SUNNY CAL JOURNAL - "Where's Ole Hess A'Goin'?" Porch Life Sittin' And Talkin'

(08/27/2024)
By Bob Weaver

I was reminded of porch life this weekend down on Rowels Run, a family sitting on a windowed porch, all open, acknowledging their neighbors as they drove by, some honking their horn, just like days of yore.

Porch sitting was a cultural phenomenon of which I had the opportunity to experience into its declining years through the 1960s.

There's still some houses with porches, most well adorned with furniture, but a rarity spotting folks sitting there.

Porch sittin' was a quiet affair, interupped by story telling and exclamations about the infrequent person who was passing by in a car, on a horse or on foot.

The passing parade was sparse, just a few folks during the day, with questions raised, "Who was that?", or a firm statement like "That's Hess Reynolds," or further explaining his passage, "He's goin' out to the farm," or questioning, "Wonder where Hess is going?" (See Below)

"Lester is a'goin' to the store," or "Haven't seen them go by for a long time,"

There was the expectation that some of those passing would stop and sit a spell, and some did.

The slow porch sittin' time allowed families and neighbors to be connected, long lulls in the conversation midst the story telling and gossip.

It was those long quiet spells I treasure most, allowing time for reflection, standing by for words from another porch sitter.

The McCoy porch in the Village of Hur, once open, had been enclosed with about 14 windows (with natural gas lights at night), creating a wide view up and down the muddy road both summer and winter, a tiny piece of the world in which the family had their being.

The windows were all screened in the summertime, enhanced by the chirping of night crickets.

As the 20th Century ended, porches themselves vanished from home construction, to be replaced by stoops and inside gathering places before a TV or Internet screen.

Writer Ray Bradbury said porches vanished because folks didn't want people sitting like that, doing nothing, rocking, the wrong kind of social life.

They had too much time to think.

Families are now globalized, connected to a half-dozen media devices that entertain, enrage and occupy more time than hours in the day, all quite noisy.

Henry Church, an aged ex-British soldier from the American Revolutionary War, was noted for his porch sitting in sight of the train station in the now faded town of Hundred, West Virginia, the town named after Church who was known as "ole hundred," living beyond a century of life.

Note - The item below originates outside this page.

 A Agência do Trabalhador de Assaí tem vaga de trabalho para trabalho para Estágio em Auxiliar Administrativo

Old timers continue to relive the porch sittin' life by tuning into Mayberry reruns or they could have been seen on the front porch of Aging with Grace in Grantsville.

It would be delusional indeed to attempt a return to porch life, with such an exercise driving most folks completely insane, the absence of the noise of 21st Century technology.

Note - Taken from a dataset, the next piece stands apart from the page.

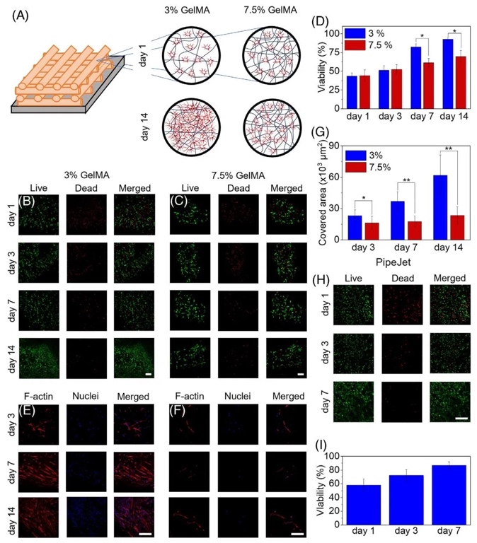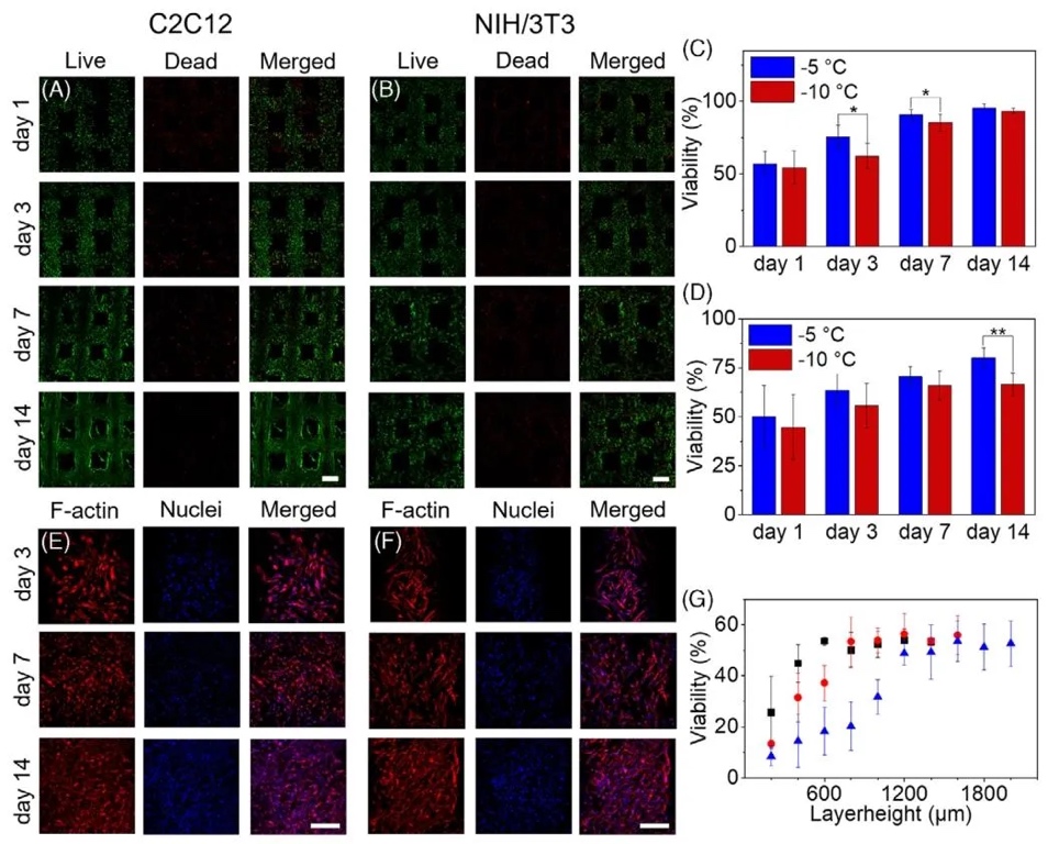 细胞封装存活率与形态演变图,通过活/死染色(Calcein-AM/PI)和免疫荧光染色(F-actin/DAPI),研究了C2C12肌细胞、NIH/3T3成纤维细胞在-5℃/-10℃打印后的存活与增殖行为。结果表明,初始存活率约50%,培养14天后升至80%-90%,细胞呈扩散生长并形成互连网络;星形胶质细胞在3%低浓度GelMA中铺展面积更大(14天达初始3倍),但结构稳定性随浓度降低而下降,提示需平衡细胞活性与力学性能。
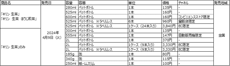 ※8 「キリン 生茶(525ml)」「キリン 生茶 ほうじ煎茶(525ml)」の量販店限定6本パック、「キリン 生茶(525ml・2L)」「キリン 生茶 ほうじ煎茶(525ml)」のEC限定ケース販売

For those of age, we will dutifully reminisce about those times, contending it was of once of value to the human condition like big Sunday dinners.

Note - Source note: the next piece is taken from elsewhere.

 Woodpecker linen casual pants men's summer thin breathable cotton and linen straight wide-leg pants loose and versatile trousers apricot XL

HESS REYNOLDS (1882-1948) was born in Calhoun County, son of James Reynolds (born 1842 Kanawha County) and Sarah Hathaway (born 1841 Barbour County). Was first married Lona Riggs (1886-1910) in Calhoun County and then married Lizzie Fritz in 1924. Hess and his second wife Lizzie had the Hur Post Office with store for many years. Lizzie was a long time one room school teacher in Calhoun County.